Now aspish poison dropped upon his brow
From time to time, when faithful Sigyn took
The slopping platter full of venom forth
To pour away. Then with unshielded brows
Loki received the slime of that long snake
That Skadi tied above him. For each taunt
Erst hurled by him at the high feasting gods,
The exulting gods together drawn to feast
In Oegir's crystal hall, a burning gout
Fell. He cried shrilly, miserably writhed,
Crisped anguished limbs in unimagined pain,
And cursed his lords, who the more tortured him,
Seeing that his jibes had been a part of truth,
And truth is often satire fit to spoil
Ev'n the serenity of glorious gods.
So greatly now he writhed, so madly called,
Earth with huge throes unto her midriff shook—
(Men call this earthquake in their ignorance).
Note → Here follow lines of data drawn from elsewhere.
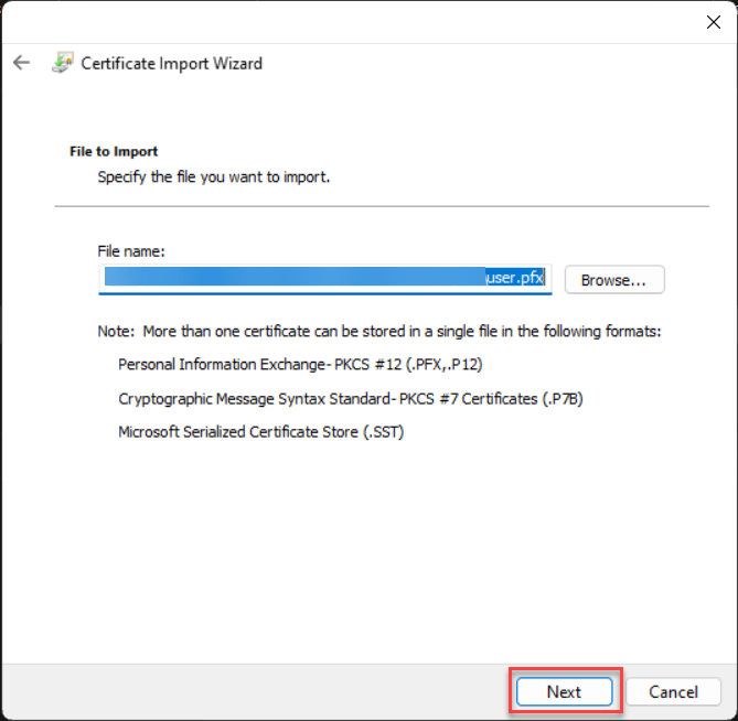 Then proceed to open the user.pfx file.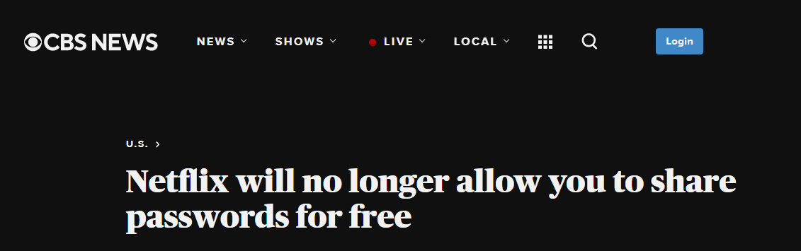 據美國媒體CBS(一家美國商業無線電視網)報道,國外視頻平台Netflix(以下簡稱網飛)計劃從2023年初開始打擊密碼共享。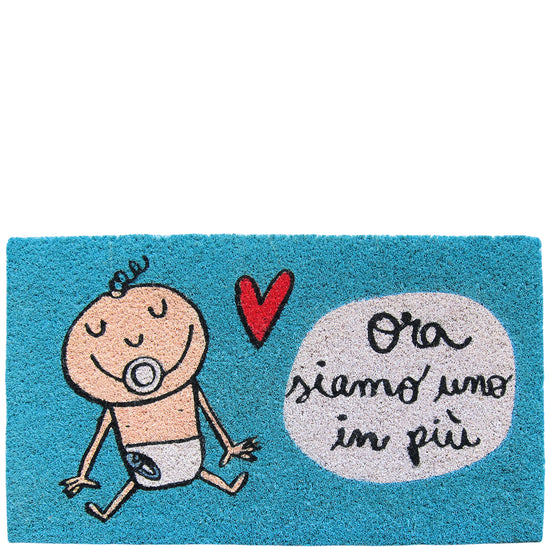 Paillasson "now we are one more" bleu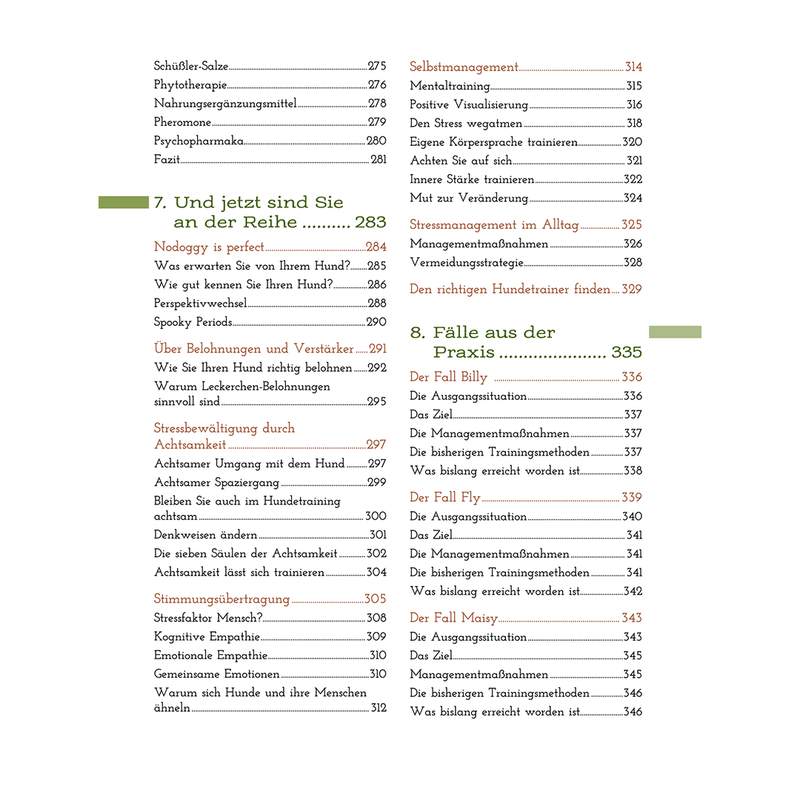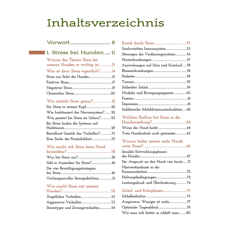 Zudem informiert das Buch über Stresssymptome beim Hund, auf welchen Grundpfeilern eine Hund-Mensch-Beziehung stehen sollte und wie Stress und Verhalten zusammenspielen.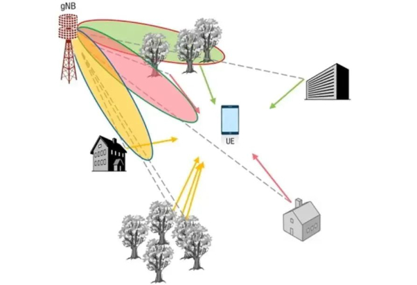 FD-MIMO下最多32个交叉极化天线排成阵列,基站根据终端上报的测量信息对数据进行波预编码/ 波束赋形处理。FD-MIMO中第一次提出了beamformed CSI-RS的概念,不同CSI-RS 端口经过波束赋形在同一个物理天线上传输。FD-MIMO是NR大规模天线技术 (Massive MIMO) 的雏形。NR标准将CSI-RS天线端口扩大至32个,目前主流的设备商都推出了64T64R的基站产品。更多的CSI-RS端口以及天线数量使基站发出的信号具有更强的方向性,信道状态信息的反馈具有更小的颗粒度。在FD-MIMO以及Massive MIMO技术中,因为存在水平和垂直两个方向波束赋形的可能,对多天线无线信道进行建模时需要考虑到三维空间中的物体带来的各种折射,反射,散射等影响(图2)。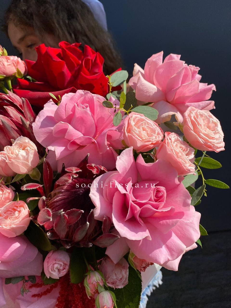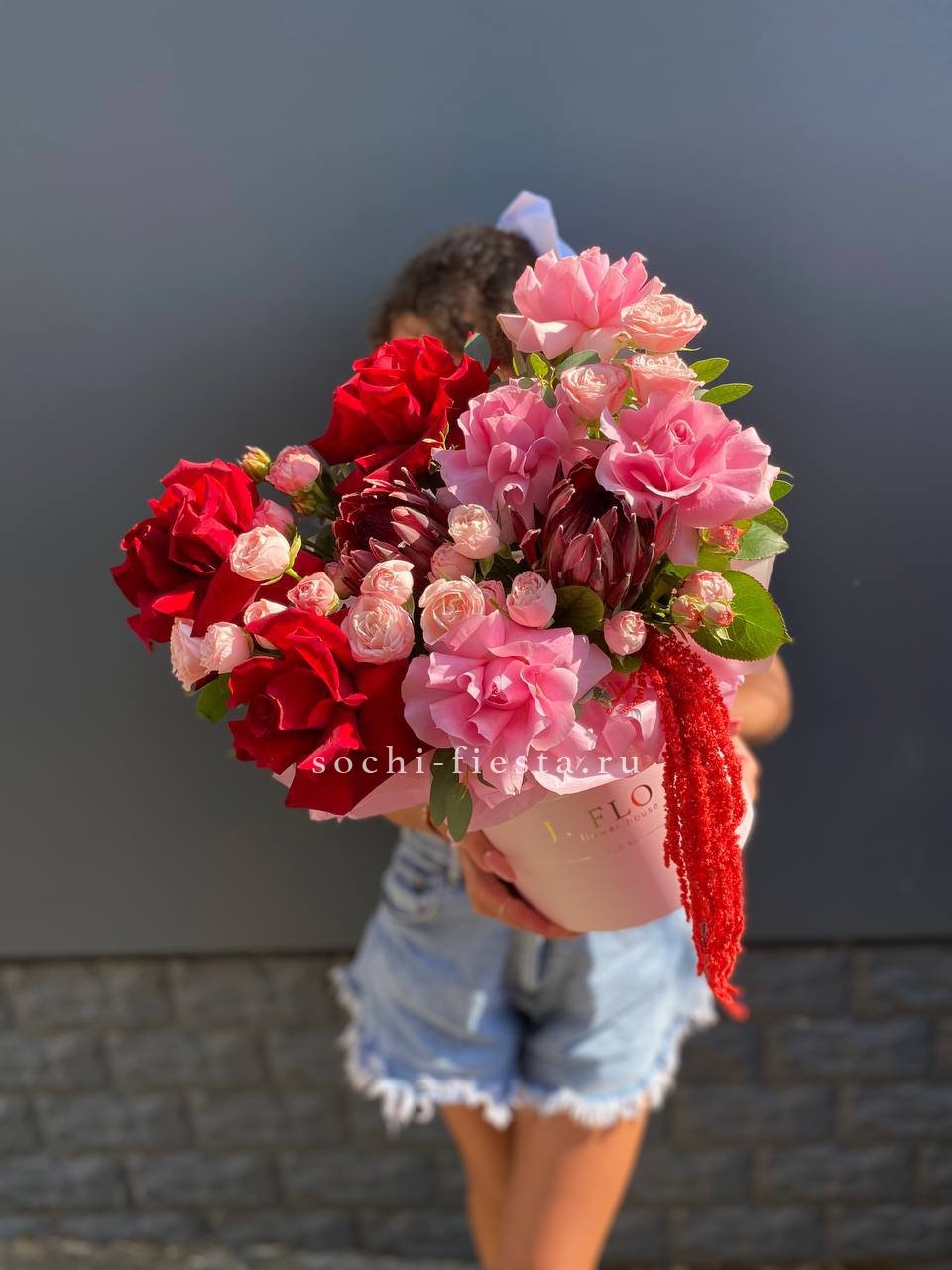 Букет выполнен в насыщенной красно-розовой гамме, создавая контрастное и выразительное сочетание, которое может символизировать сильные чувства или страсть. Это современный авторский букет, который выглядит роскошно и эффектно, подходящий для особых случаев и подарков.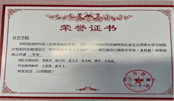 近日,william威廉中文参加习近平新时代中国特色社会主义思想大学习领航计划系列主题活动大赛获佳绩,其中原创微电影《红之初心,“橙”就梦想》荣获第五届四川高校大学生“我心中的思政课”微电影展示活动特等奖,作品将推荐到教育部参加展评;《甘将热血沃中华》荣获第五届四川高校大学生“百年辉煌路 奋斗正当时”(本科组)讲思政课公开课二等奖。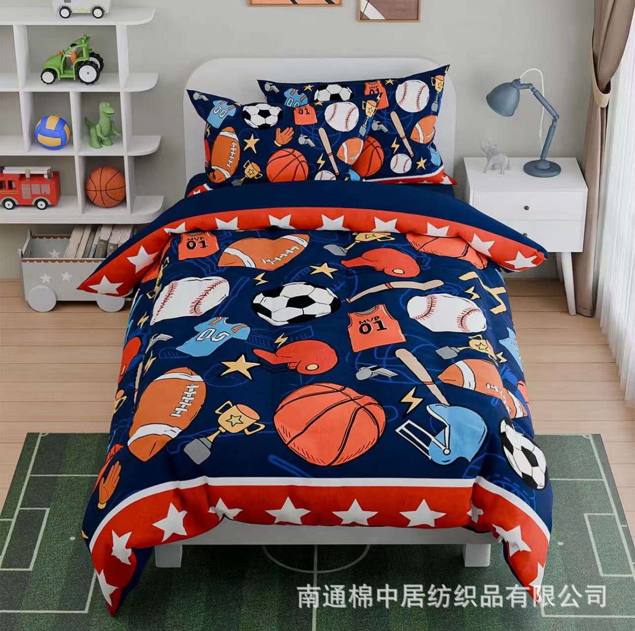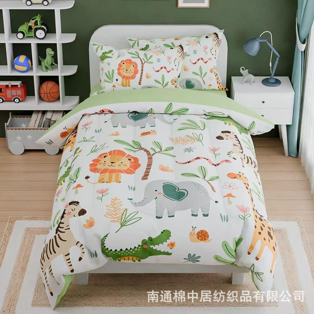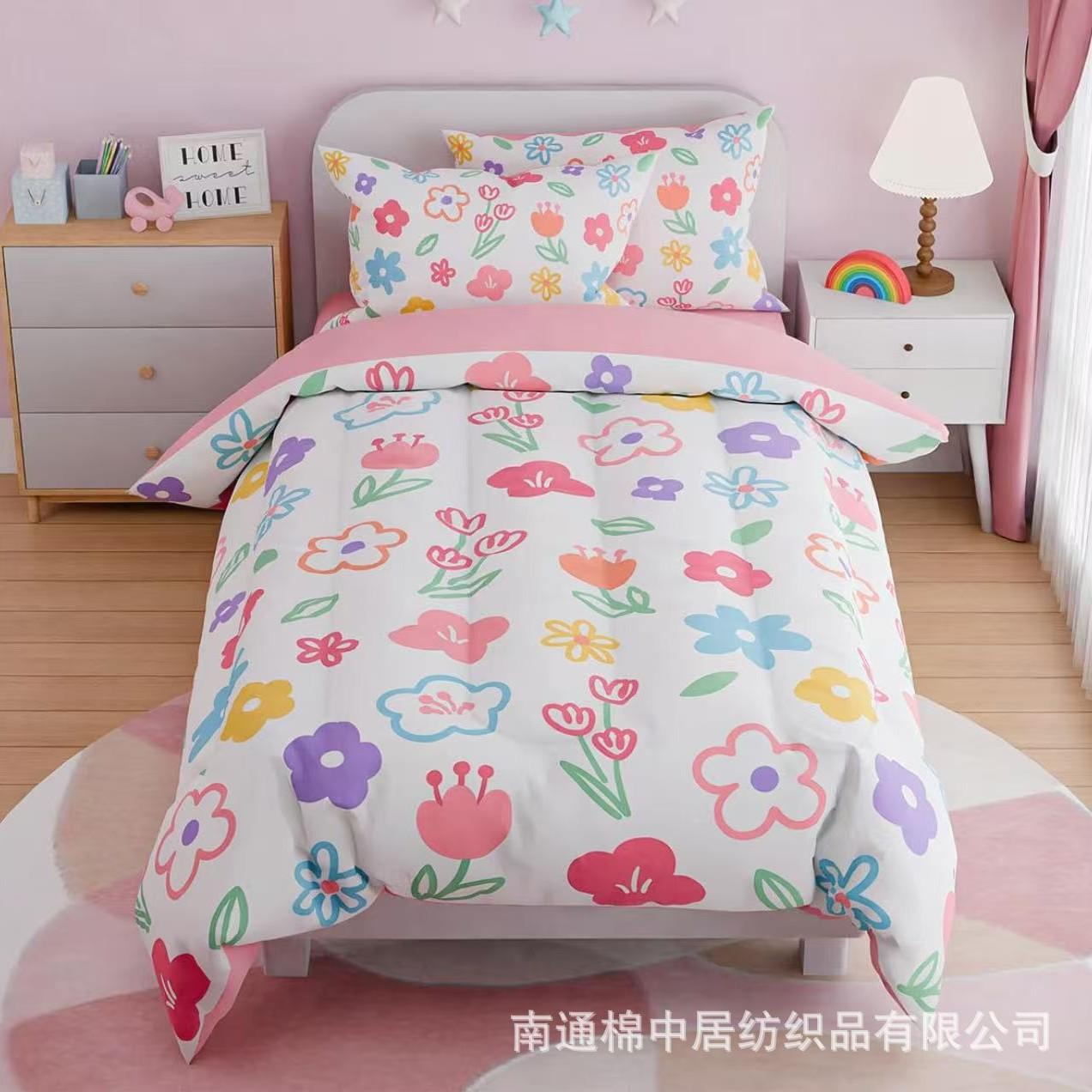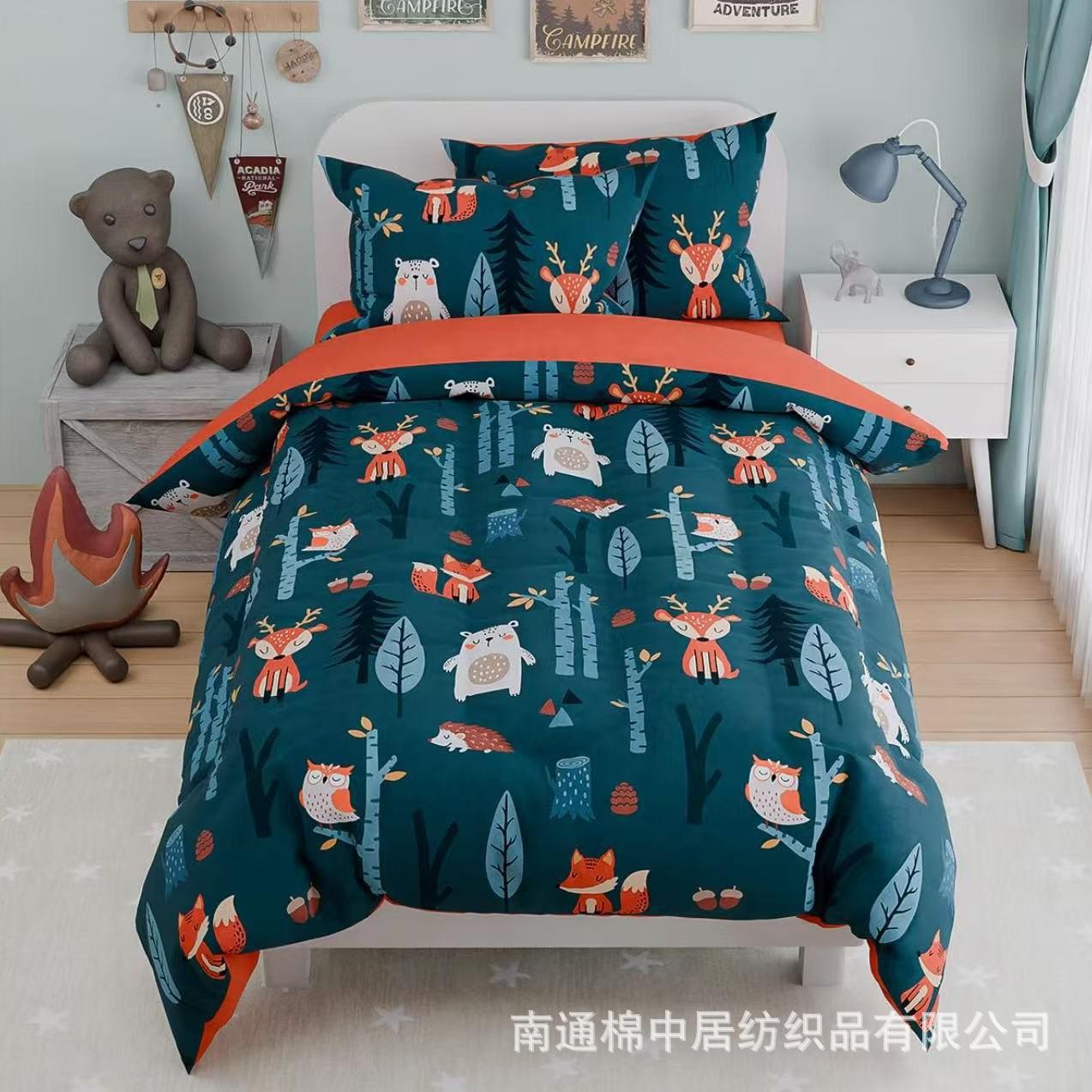 Amazon printing cartoon animation boys and girls bedding universe star rocket space kids three-piece set

But the great Aesïr, the Sustainers, high
And very holy, had returned to heaven,
And found its greenness and its splendours gone,
A twilight fading redly in the streets
Of Asgard town, as fades in some starved haunt
Of earthly toil the day, when all the looms
And every anvil fire has ceased to sing:
The wheels are silent, the coal-ash turns grey,
A thousand haggard workmen swarm the roads,
Too piteous to seek drink, confused, ashamed,
Walking midway the ruts, for now the wains
And fetlocked horses no more strain along,
And to starve fronts them, and their governors,
Unread in ancient rede, unlettered fools,
Have damned the runnels of the commonwealth
With drift of catchwords. Not less miserably,
Though grandlier far and for a different cause,
After the punishment condign, returned
The glorious gods to Asgard's darkening streets,
Where all the gables nodded, touched with gloom,
And a dull mildew through the rising wind
Assailed, as on a battle-field, their sense
And stirred foreboding terrible and new
In minds still wrung by vengeance on that power,
That Loki, that insulter, that vile chief
Of spirit gaolers, that strong artizan
Of traps and walls for prisoners divine,
Him by whose innocent-seeming wit was slain,
Balder the Beautiful.
To golden beds
The gods stole silent, too distraught to feast.